The problem with heart failure patients is that by the time they develop physical signs and symptoms, a trip to the emergency room is usually unavoidable. But before these signs and symptoms occur, fluid volume and pressure changes are present in patients referred to as hemodynamic congestion. This precursor to clinical congestion is difficult to detect. Studies suggest that over 40% of patients leave the hospital with undetected hemodynamic congestion which makes these patients high risk for readmission. This is where the Vixiar Indicor comes in.

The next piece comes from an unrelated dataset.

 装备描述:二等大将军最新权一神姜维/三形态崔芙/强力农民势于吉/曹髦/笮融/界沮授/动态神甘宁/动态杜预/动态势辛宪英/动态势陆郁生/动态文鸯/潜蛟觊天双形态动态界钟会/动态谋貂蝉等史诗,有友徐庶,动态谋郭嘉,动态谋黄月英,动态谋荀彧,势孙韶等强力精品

Technology standardizes a trusted maneuver

We have developed a handheld device and software platform that detects changes in fluid volume in the chest that lead to hemodynamic congestion. The Indicor standardizes the Valsalva Maneuver, an exhalation against a closed airway similar to blowing up a balloon or straining for a bowel movement. Here is how it works: the patient blows into the device for ten seconds while watching a virtual pressure gauge. The strain of the Valsalva cuts off blood returning to the heart. Cardiac output is then reduced and then, downstream, peripheral pulse. A sensor placed on the patient’s finger captures his pulse response before, during and after the strain. In a healthy individual, the Valsalva impedes blood flow and the pulse signal displays a steep decrement in amplitude representing the limited blood flow during the strain. However, in the heart failure patient, there is little to no decrement in pulse pressure because excess fluid in the lungs (congestion) serves as a reservoir that feeds the heart with blood and downstream, pulse remains virtually unchanged. The Indicor’s algorithm analyzes the pulse response and outputs and index of hemodynamic congestion, the Valsalva Pulse Response. The test is fast, non-invasive and easy to perform.

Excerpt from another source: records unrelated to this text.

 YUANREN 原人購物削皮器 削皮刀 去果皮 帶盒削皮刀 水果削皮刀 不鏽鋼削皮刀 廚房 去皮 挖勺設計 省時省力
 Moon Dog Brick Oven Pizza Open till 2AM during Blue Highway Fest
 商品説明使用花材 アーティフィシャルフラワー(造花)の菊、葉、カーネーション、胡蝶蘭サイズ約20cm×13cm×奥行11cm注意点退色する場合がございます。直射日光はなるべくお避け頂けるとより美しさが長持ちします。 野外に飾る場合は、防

A market across the continuum of care

Post FDA clearance, our team will move into the commercial phase and begin marketing the device. The Indicor is designed to be used at the point of care in hospitals, skilled nursing facilities, doctors' offices and patients' homes. We will start our sales process in hospitals where heart failure experts reside and where clinicians need a tool to detect fluid changes and ideally to avoid discharging patients with hemodynamic congestion. Moving into the homecare market, the Indicor will provide clinicians with a remote monitoring tool and allow clinicians to watch for increases in congestion and intervene earlier to ideally avoid hospitalizations. In our post COVID19 world, this will help patients and clinicians avoid unnecessary exposure.